This Thai holy basil stir fry also known as pad kra pao is one of my favorite dishes. It’s quick, it’s easy, and it’s super simple to make. Now, before all the aunties and grandmas come at me, let’s be clear that this is a Whole30 and Paleo version. So I won’t be using things like oyster sauce, sugar, and/or dark soy sauce. I have somehow managed to get resourceful when I was recreating this recipe, and I am really proud of it!
The main flavor profile in this dish is the Thai holy basil –if you couldn’t guess from the name. You can find it at your Asian grocery store, but if not, you can also use regular Thai basil. If you can’t find either, then you can use the regular basil you find at any grocery store.
If you can find Thai holy basil though, I recommend stocking up. It has a slight peppery taste to it and really packs a lot flavor. I didn’t really appreciate it growing up, but now it is one of favorite herbs to use. You can literally throw it into any kind of stir fry, and it will help make the stir fry that much better!
Now, in a lot of Thai and Lao cuisine, it’s all about the flavor combo. It’s probably why a lot of my recipes have that element to it. It’s part of my DNA, I guess. HA! Since sugar is out for the Whole30, I had to find an alternative for it. The reason why sugar is used in a lot of Thai and Lao dishes is because it helps balance a dish out and also helps enhance flavor.
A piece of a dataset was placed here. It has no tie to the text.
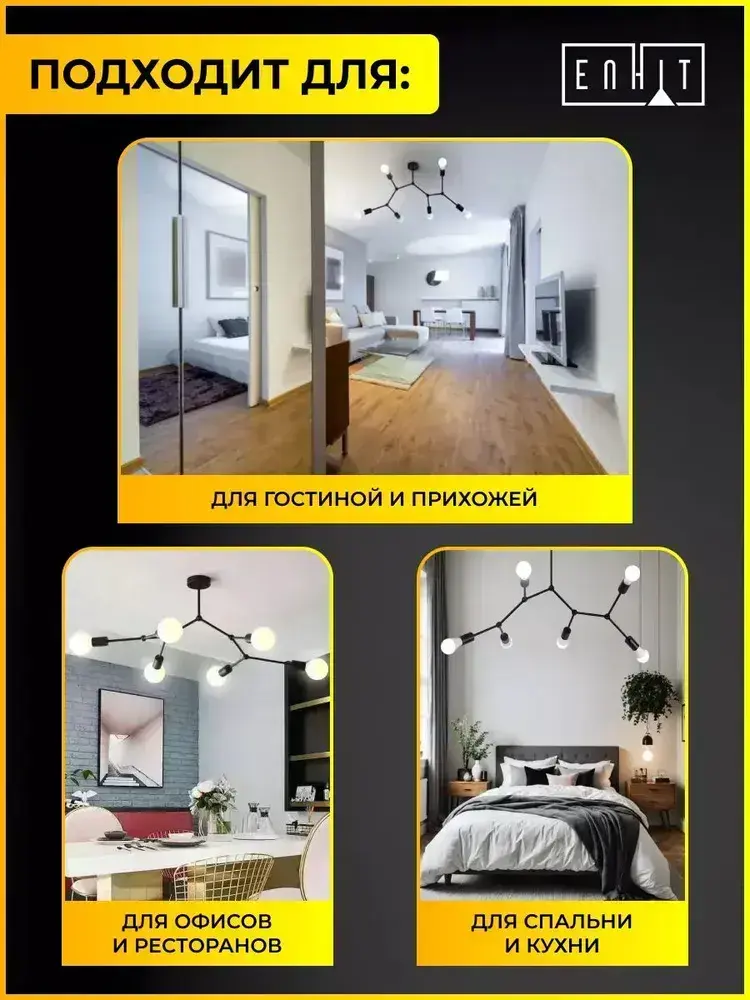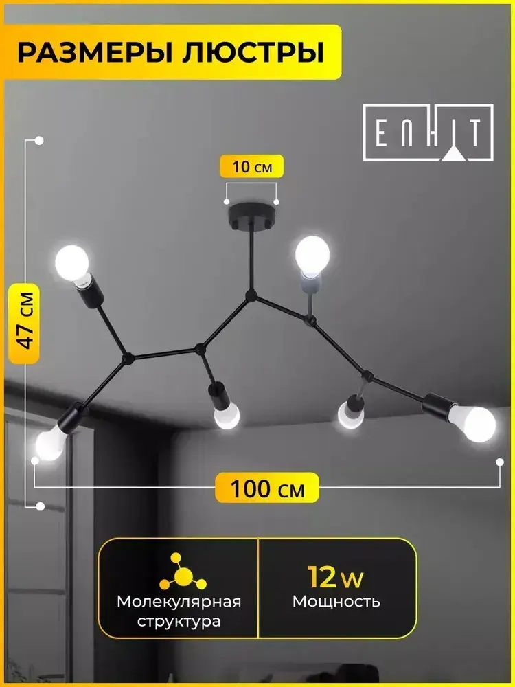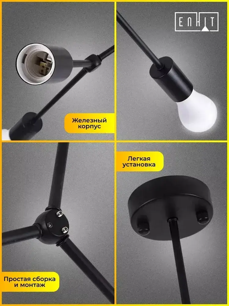 Люстра потолочная подвесная для зала спальни и на кухню в современном стиле лофт черная

I tried just leaving the sugar out completely, but the dish was missing something when I used it. I tried using dates but those didn’t work out because the flavor didn’t seem to work with it. Then I remembered that I like to use apples in my Korean inspired dishes, and that’s how apple juice became one of the ingredients for this Thai holy basil stir fry!
I hope you enjoy this dish as much as I do. It’s a great go-to recipe that can put together in no time! Pair it with some cauliflower rice, and it’s better than any Thai take-out. Promise!
P.S. a crispy fried is mandatory when it comes to this Thai holy basil stir fry. Unless you’re allergic to eggs, this is non-negotiable. Thais love their crispy fried eggs!
Thai Holy Basil Stir Fry (Whole30, Paleo)
- 1 pound ground pork or ground chicken
- 1 1/2 cup Thai holy basil removed from stem and tightly packed
- 2 small shallots thinly sliced
- 5-7 garlic cloves peeled and thinly sliced
- 4-5 Thai chili pepper thinly sliced
- 1 tbsp fish sauce
- 1 tbsp coconut aminos
- 1/2 tbsp apple juice
- 1 tsp kosher salt
- 1 tbsp avocado oil
Crispy Fried Eggs
- 1-4 tbsp avocado oil or any cooking fat
- 1-4 eggs one egg per person
Preheat wok over medium-high heat with avocado oil, add in the shallots and garlic. Fry for about 3 minutes or until fragrant. Add in the sliced Thai chili peppers and stir fry for another minute.
Turn the heat up to high and add the ground pork to the wok making sure to break it up into small pieces. Let the pork sit in the wok undisturbed for a minute so it starts crisping up.
Pour in the fish sauce, coconut aminos, apple juice, and kosher salt. Mix until everything is well combined.
Once pork is cooked through, turn off the heat and then add the Thai holy basil. Mix until the Thai holy basil starts to wilt. (The residual heat will wilt the basil.)
Once the Thai basil has wilted, serve with cauliflower rice, and a crispy fried egg!
Crispy Fried Eggs
Preheat a small skillet over medium-high heat with 1 tbsp avocado oil.
Once oil is heated, add the cracked egg into the skillet. It will start bubbling up and the edges will start to brown.
Using a spoon to carefully spoon the avocado oil on top of the egg to help with cooking it. Cook until the whites are opaque and yolk is to your liking. Repeat steps for each egg.